Bob, I agree that bypassing the routers speed control module is a good test procedure. However cutting both brush leads and connecting a power cord directly to both brushes also bypasses the field winding. Neither the armature or the outboard speed control are likely to survive unless the circuit breaker pops VERY quickly!

Solid state devices as in the speed control fail much quicker than fuses, let alone circuit breakers.

I hope I have misread your directions, but having reread them several times, I still come to the same conclusion. As a repair tech for 35 years, I hesitate to post a correct procedure, for liability reasons and for the possibility of being misread.

A local repair facility may indeed be the best option!


----------



## bobj3 (Jan 17, 2006)

Hi

" As a repair tech for 35 years " give it a shot he just wants to know how to do it right..

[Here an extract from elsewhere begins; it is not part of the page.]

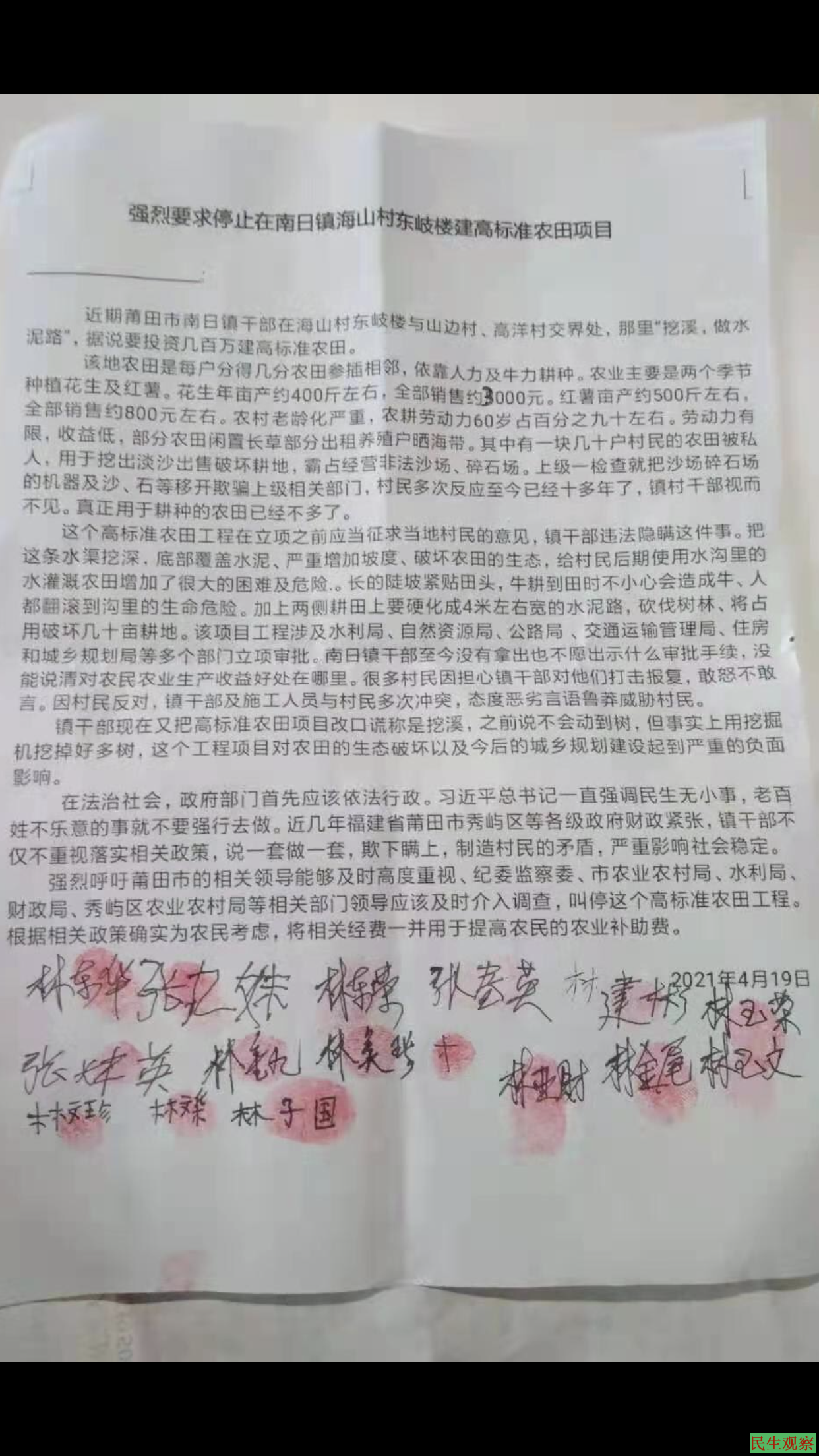 村民们请求各媒体、媒体人共同关注,强烈呼吁莆田市的相关领导能够及时高度重视,纪委监察委、市农业农村局,水利局财政局、秀屿区农业农村局等相关部门领导应该及时介入调查,并叫停这个很多农民敢怒不敢言,与现实农业生产不符,反而给当地农民带来极端不利的高标准农田工程,能切实为农民考虑,并将相关经费用于提高农民农业补助费,真正做到取之于民,用之于民!

" what one man can do a norther can do also "
http://www.youtube.com/watch?v=9ALOI63X_CE

It can be hard to do sometimes but most will get the job done
http://www.youtube.com/watch?v=_2MhQGFWdYU&feature=related

====



Dmeadows said:


> Bob, I agree that bypassing the routers speed control module is a good test procedure. However cutting both brush leads and connecting a power cord directly to both brushes also bypasses the field winding. Neither the armature or the outboard speed control are likely to survive unless the circuit breaker pops VERY quickly!
> 
> Solid state devices as in the speed control fail much quicker than fuses, let alone circuit breakers.
> 
> ...


----------